Activity: Below are some entries. Transcribe the lines from the one holding "4月1日下午,道格玛设计事务" to the one holding "NG 吸嘴)的索引号码以红色表示 , 一般良好的吸嘴 (OK 吸嘴)情形为黑色。", inclusive, but not the pictures among them.

%%

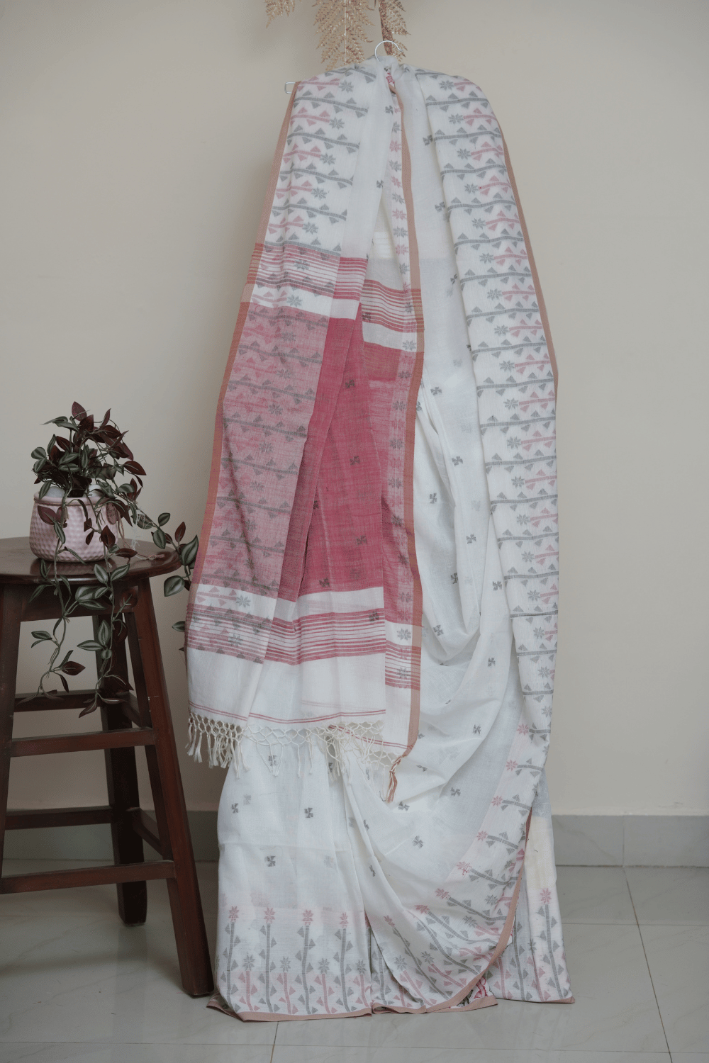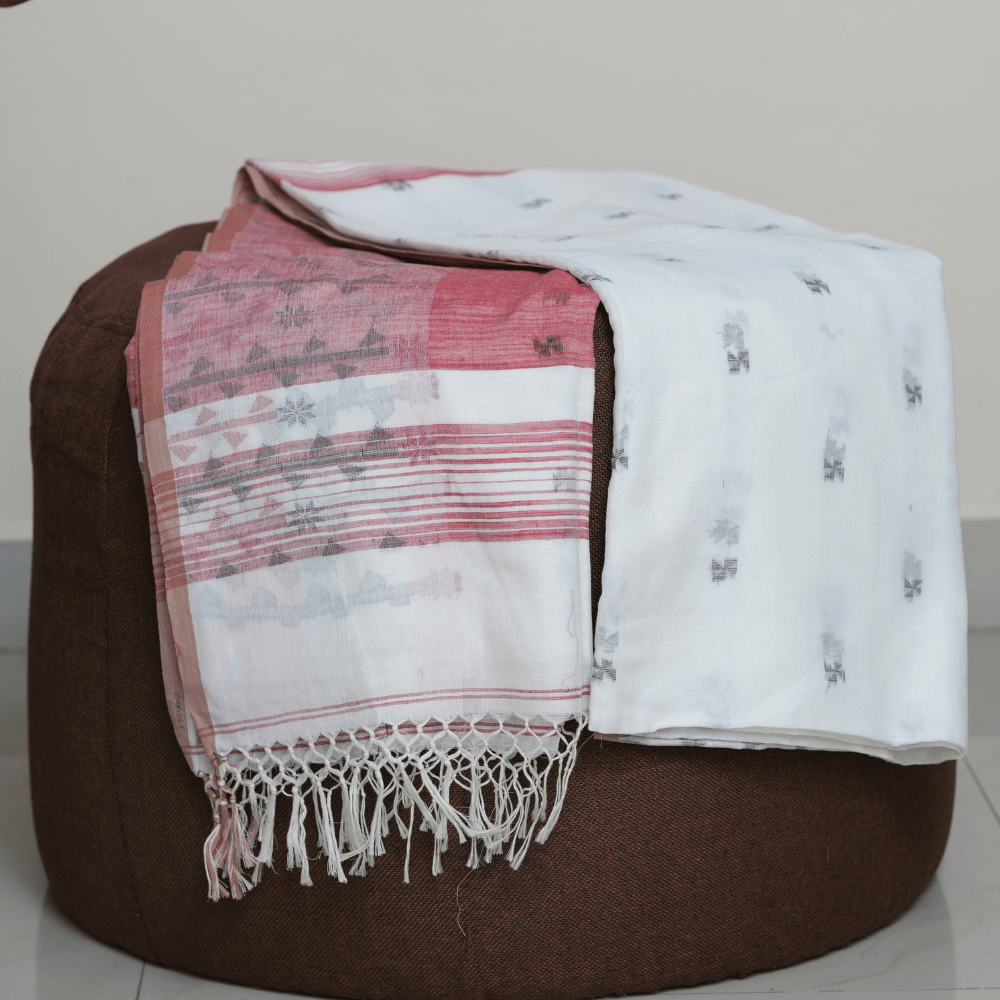 A graceful handloom cotton saree in pristine white, highlighted with delicate woven grey motifs across the body. The dusty red pallu with traditional woven patterns adds a soft yet striking contrast, while the beige-toned borders and dainty tassels complete the elegant finish. Lightweight and breezy, this saree is ideal for cultural gatherings, daytime occasions, and classy casual wear.
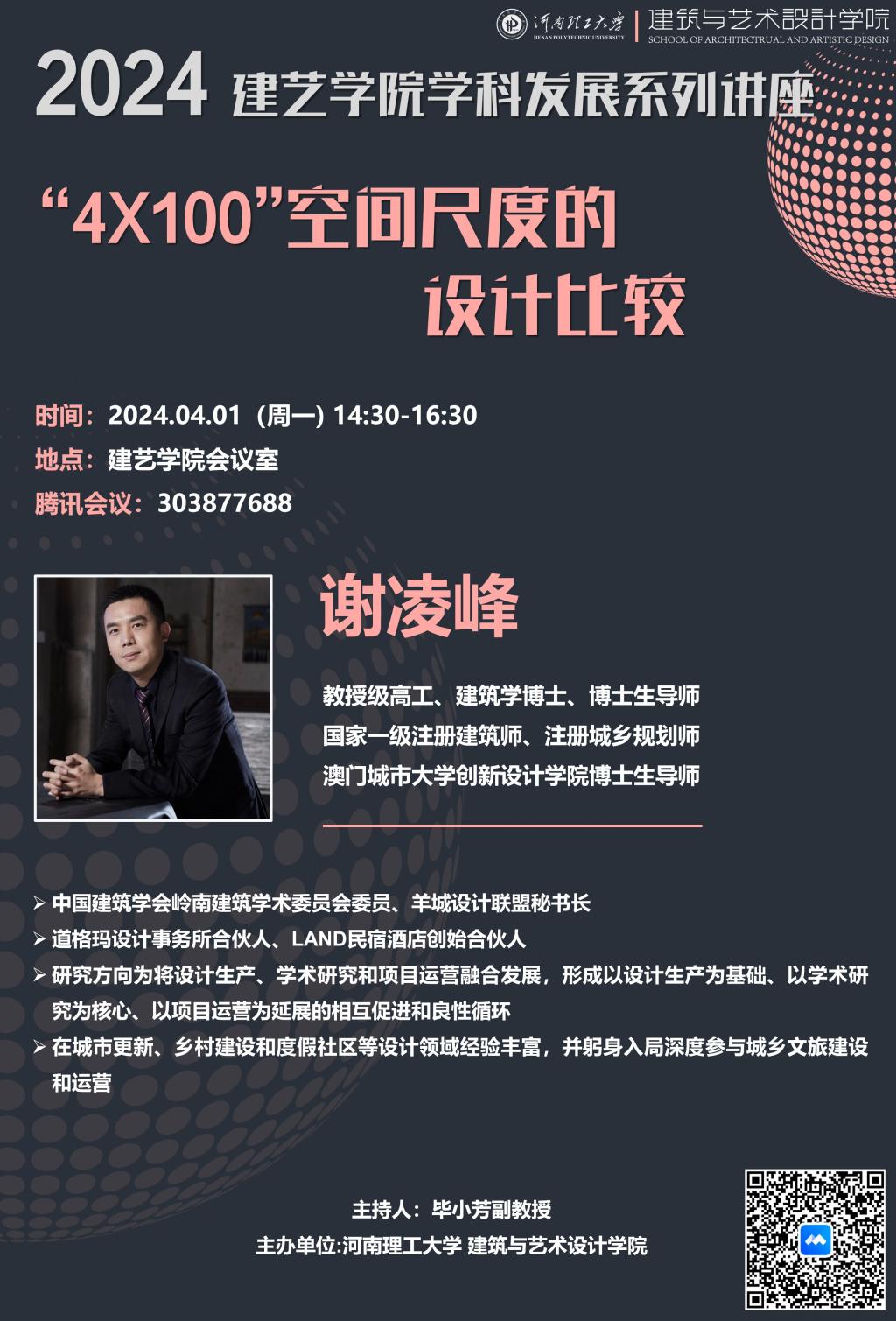 4月1日下午,道格玛设计事务所合伙人、澳门城市大学创新设计学院博士生导师谢凌峰教授通过腾讯会议在学院教工之家为学院师生开展关于“4×100”空间尺度的设计比较的讲座,讲座由学院毕小芳副教授主持。
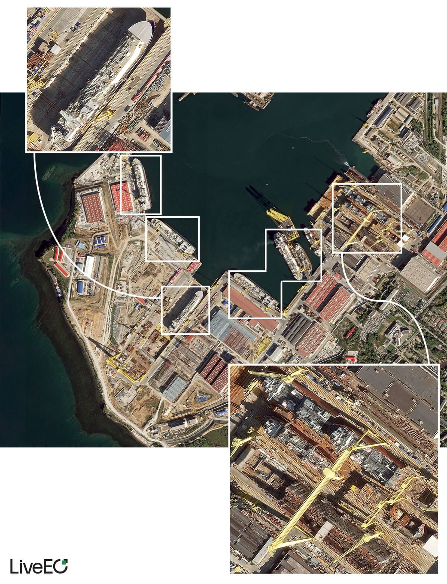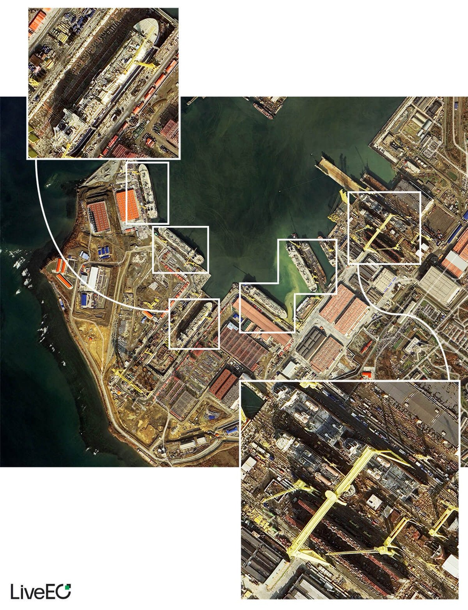 Neue eisbrechende LNG-Tanker in der Swesda-Werft bei Wladiwostok. Sie sollten schon längst unterwegs sein. Foto: LiveEO/Google Earth/Airbus
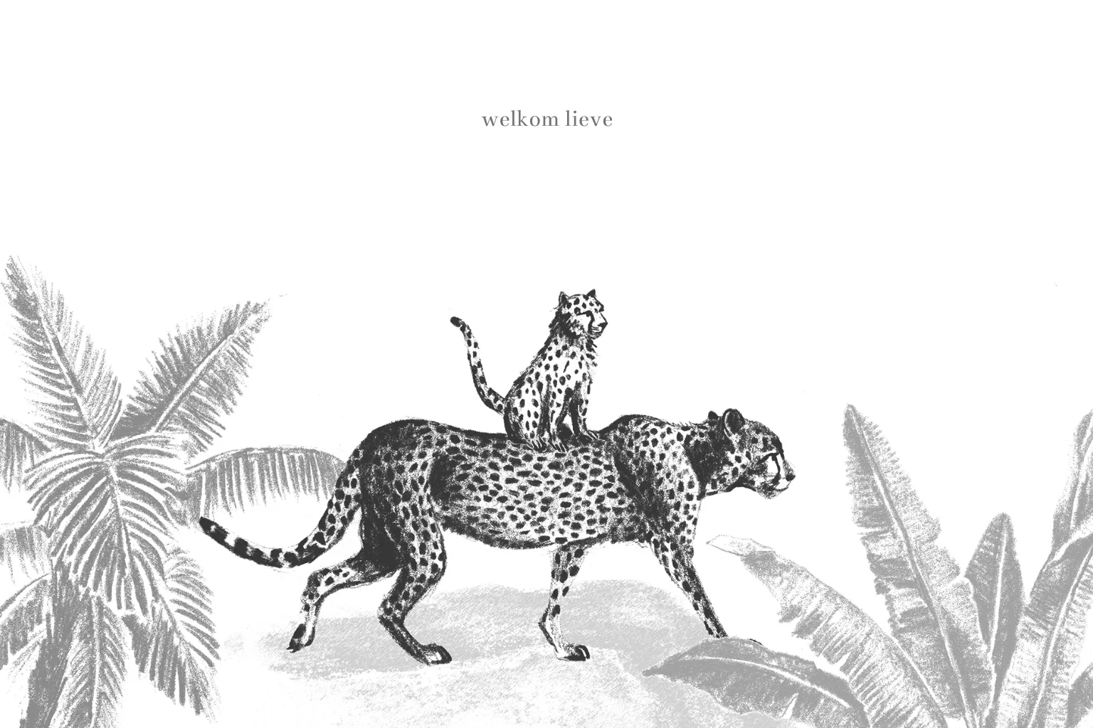 Wat een origineel en stoer geboortekaartje is dit. Het zwart witte kaartje heeft een getekende panter met een kleine luipaard op de rug. Ze lopen tussen grote bladeren. De naam staat in stoere letters en wordt gedrukt in echt zwartfolie voor een extra stoer effect.
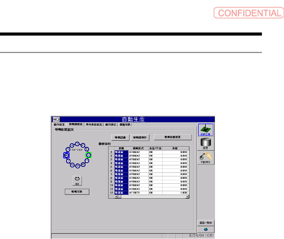 NG 吸嘴)的索引号码以红色表示 , 一般良好的吸嘴 (OK 吸嘴)情形为黑色。
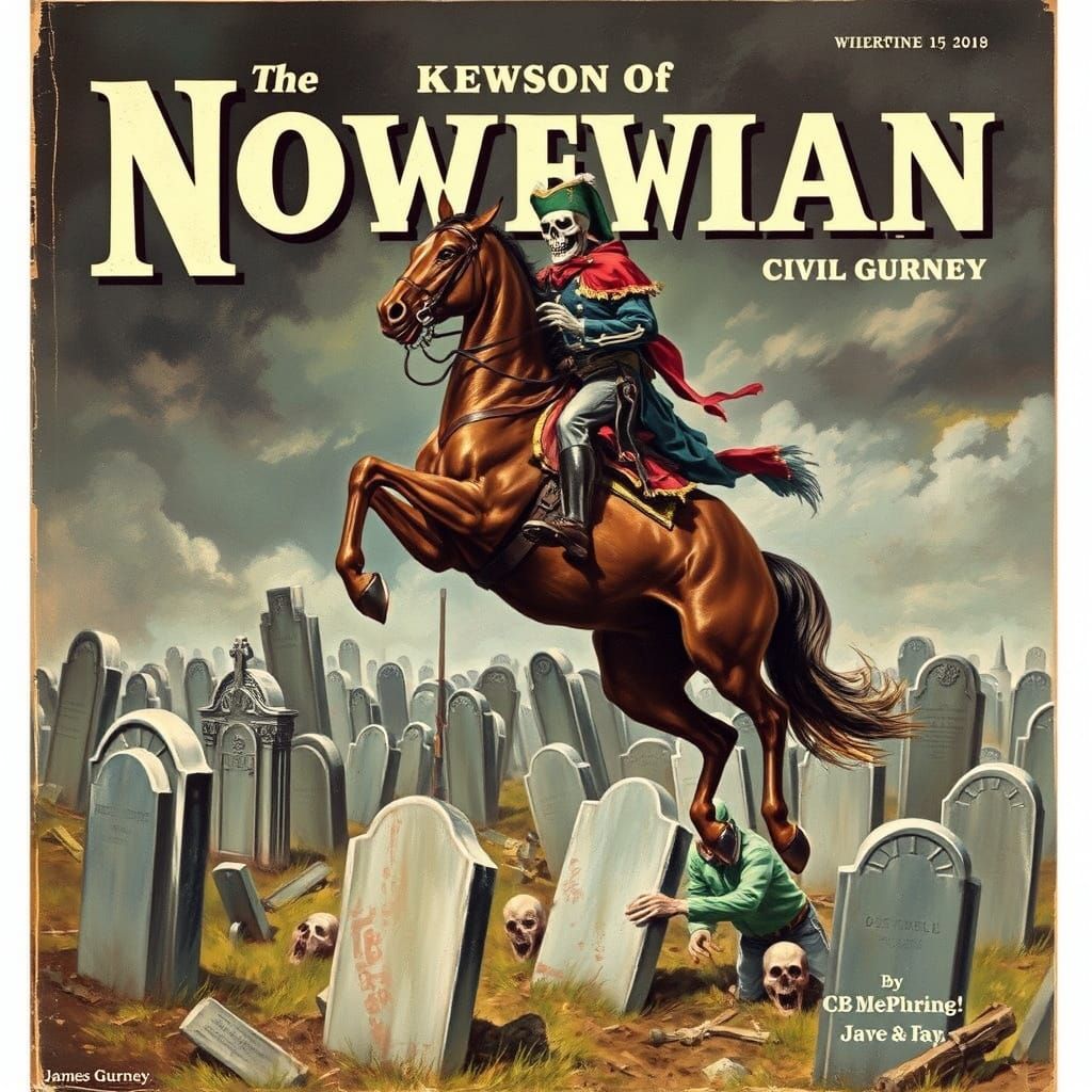 A vintage magazine cover featuring a skeletal Confederate general on horseback leaping over headstones. Grave diggers look on in horror in this oil painting.
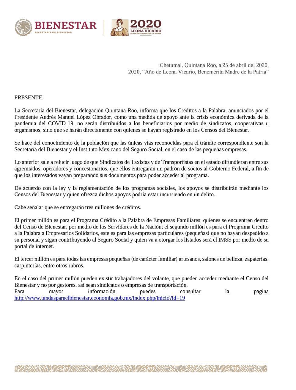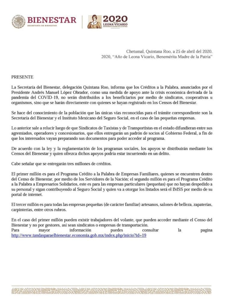 Playa del Carmen.- A través de un escrito, la Secretaría del Bienestar aclaró que los créditos a la palabra que repartirá el Gobierno Federal en respuesta por la actual emergencia sanitaria los entregarán de manera directa, desmintiendo de esta manera las solicitudes de los sindicatos de taxistas de la entidad para que sus agremiados acudieran con ellos para apuntarse por uno.

%%

Answer for this exercise:
 4月1日下午,道格玛设计事务所合伙人、澳门城市大学创新设计学院博士生导师谢凌峰教授通过腾讯会议在学院教工之家为学院师生开展关于“4×100”空间尺度的设计比较的讲座,讲座由学院毕小芳副教授主持。
 Neue eisbrechende LNG-Tanker in der Swesda-Werft bei Wladiwostok. Sie sollten schon längst unterwegs sein. Foto: LiveEO/Google Earth/Airbus
 Wat een origineel en stoer geboortekaartje is dit. Het zwart witte kaartje heeft een getekende panter met een kleine luipaard op de rug. Ze lopen tussen grote bladeren. De naam staat in stoere letters en wordt gedrukt in echt zwartfolie voor een extra stoer effect.
 NG 吸嘴)的索引号码以红色表示 , 一般良好的吸嘴 (OK 吸嘴)情形为黑色。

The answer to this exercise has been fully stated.